B. If a Limited Partner is subject to Incapacity, the executor, administrator, trustee, committee, guardian, conservator, or receiver of such Limited Partner’s estate shall have all the rights of a Limited Partner, but not more rights than those enjoyed by other Limited Partners, for the purpose of settling or managing the estate, and such power as the Incapacitated Limited Partner possessed to transfer all or any part of his or its interest in the Partnership. The Incapacity of a Limited Partner, in and of itself, shall not dissolve or terminate the Partnership.
C. The General Partner may prohibit any transfer otherwise permitted under Section 11.3 by a Limited Partner of his or her Partnership Units if, based on the advice of legal counsel to the Partnership, such transfer would require the filing of a registration statement under the Securities Act by the Partnership or would otherwise violate any federal or state securities laws or regulations applicable to the Partnership or the Partnership Unit.

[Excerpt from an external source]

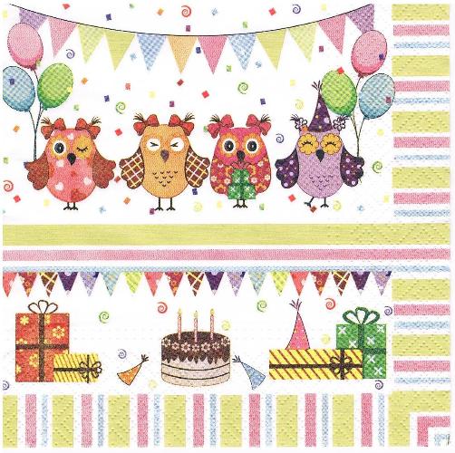 Serwetka decoupage 33x33 cm - sowy, sówki, torty

D. No transfer of any Partnership Units may be made to a lender to the Partnership or any Person who is related (within the meaning of Section 1.752-4(b) of the Regulations) to any lender to the Partnership whose loan constitutes a Nonrecourse Liability, without the consent of the General Partner, in its sole and absolute discretion; provided, that as a condition to such consent, the lender will be required to enter into an arrangement with the Partnership and the General Partner to redeem or exchange for the REIT Shares Amount any Partnership Units in which a security interest is held simultaneously with the time at which such lender would be deemed to be a partner in
the Partnership for purposes of allocating liabilities to such lender under Section 752 of the Code.

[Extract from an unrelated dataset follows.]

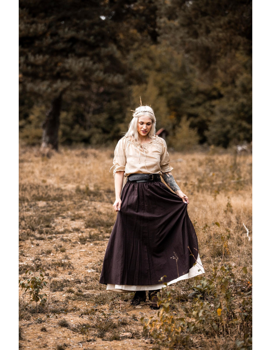 Der Mittelalterlicher Rock Modell Elise Braun-Natural ist für diejenigen gedacht, die eine Mischung aus klassischer Eleganz und echtem Komfort suchen. Das Design mit zwei Schichten nutzt den Kontrast zwischen Innen- und Außenansicht, um einen fließenden Fall zu schaffen, der deine Gesten begleitet und die Silhouette ohne Komplikationen betont. Der seitliche Knopfverschluss ermöglicht eine Anpassung des Volumens und des Falls an den gewünschten Look, von einer schlichteren bis zu einer theatralischeren Erscheinung.

E. No Limited Partner may withdraw from the Partnership except as a result of transfer, Redemption or exchange of all of its Partnership Units pursuant hereto.
Section 11.4. Substituted Limited Partners
A. No Limited Partner shall have the right to substitute a transferee as a Limited Partner in his or her place (including any transferee permitted by Section 11.3). The General Partner shall, however, have the right to consent to the admission of a permitted transferee of the interest of a Limited Partner, other than a transferee in a transfer permitted by Section 11.3 hereof, as a Substituted Limited Partner, pursuant to this Section 11.4, which consent may be given or withheld by the General Partner in its sole and absolute discretion. The General Partner’s failure or refusal to permit a transferee of any such interests to become a Substituted Limited Partner shall not give rise to any cause of action, whether at law or in equity, against the Partnership or any Partner.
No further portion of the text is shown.